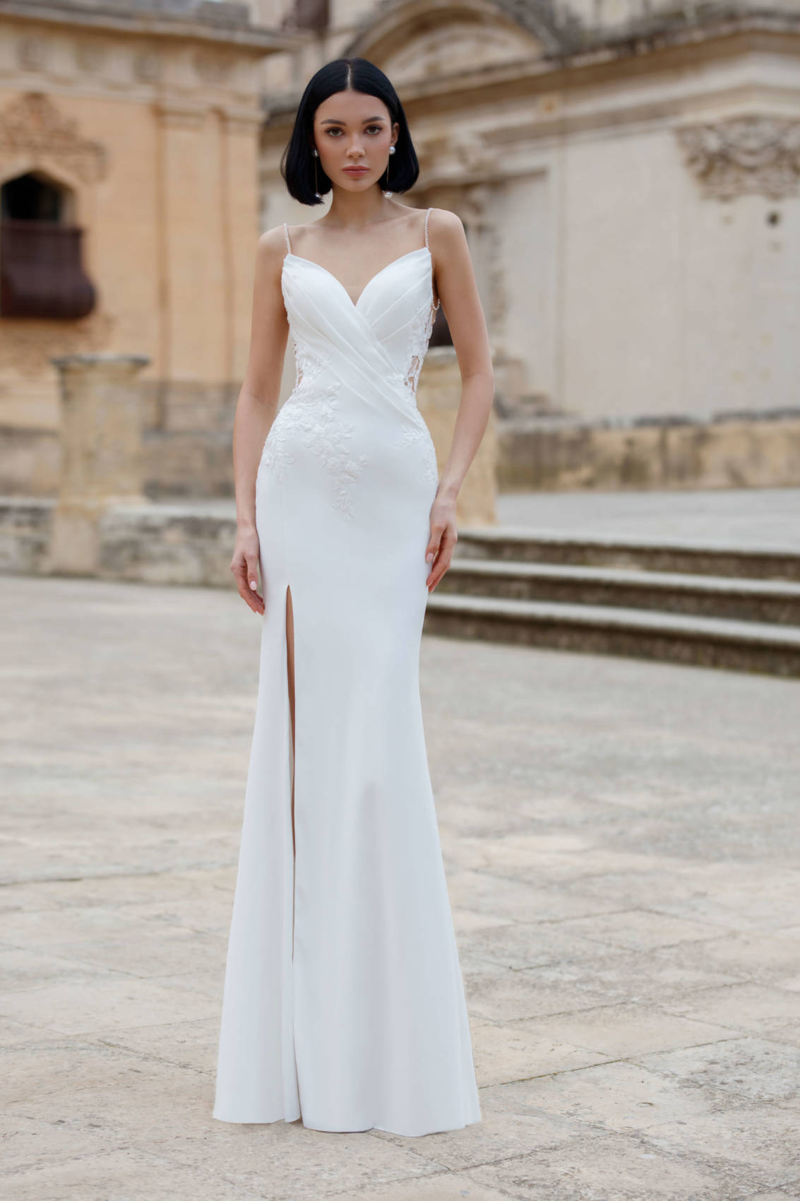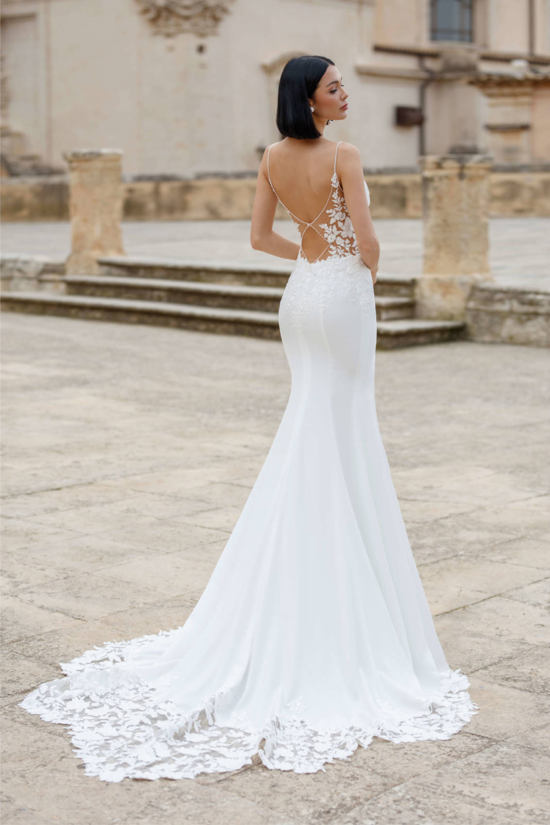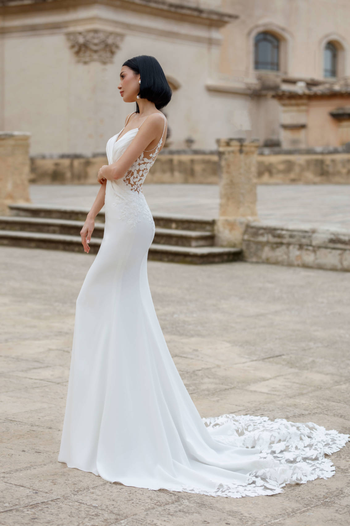 Cette robe en crêpe propose un superbe drapé au niveau de la poitrine. Deux fines bretelles en strass arrivent vers le dos pour vous proposer une fermeture papillon en dentelle. Enfin, la traîne se termine par de la dentelle.
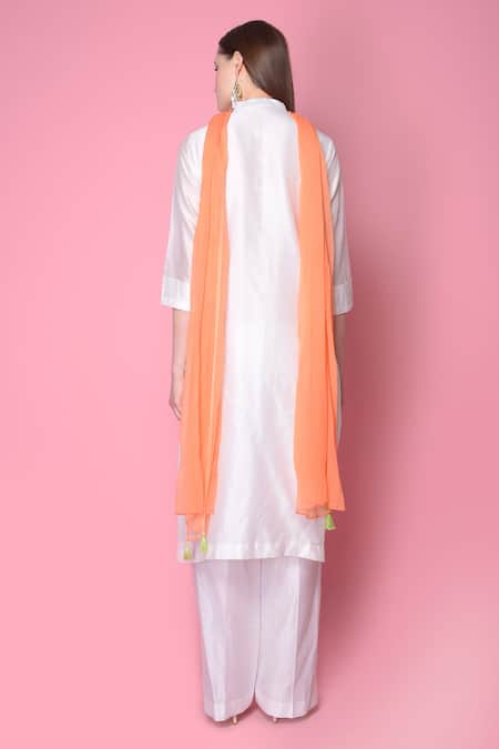 White straight long kurta with placement floral motif patchwork & tassel placket. Comes with pants & contrast chiffon dupatta.
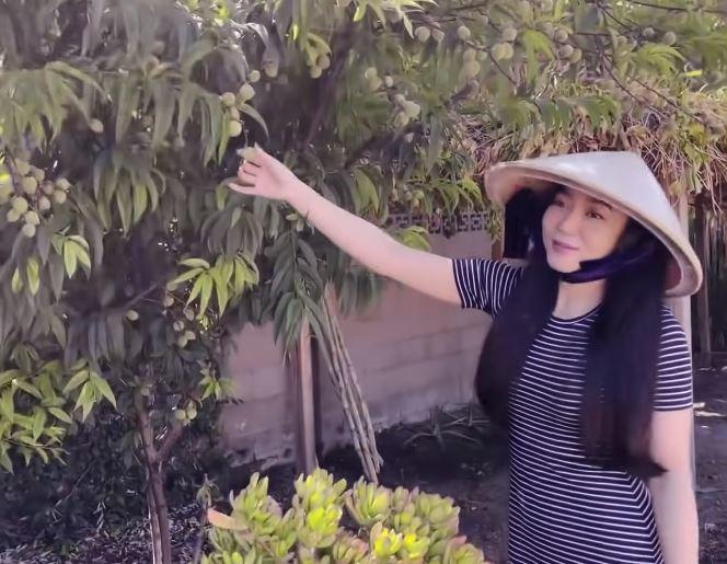 Điều khiến nữ ca sĩ tự hào là khu vườn không thiếu những cây ăn trái như ổi, nhãn, cam, khế, táo, cóc, mận… Bố của cô trồng các loại cây này từ ngày đầu về ngôi nhà để cảm thấy ấm lòng, vơi bớt nỗi nhớ quê hương.

### PROMPT
What you give back must be exactly the lines of the listing above from the line containing "White straight long" through its last line, inclusive, without pictures, please.

### YOUR SOLUTION
 White straight long kurta with placement floral motif patchwork & tassel placket. Comes with pants & contrast chiffon dupatta.
 Điều khiến nữ ca sĩ tự hào là khu vườn không thiếu những cây ăn trái như ổi, nhãn, cam, khế, táo, cóc, mận… Bố của cô trồng các loại cây này từ ngày đầu về ngôi nhà để cảm thấy ấm lòng, vơi bớt nỗi nhớ quê hương.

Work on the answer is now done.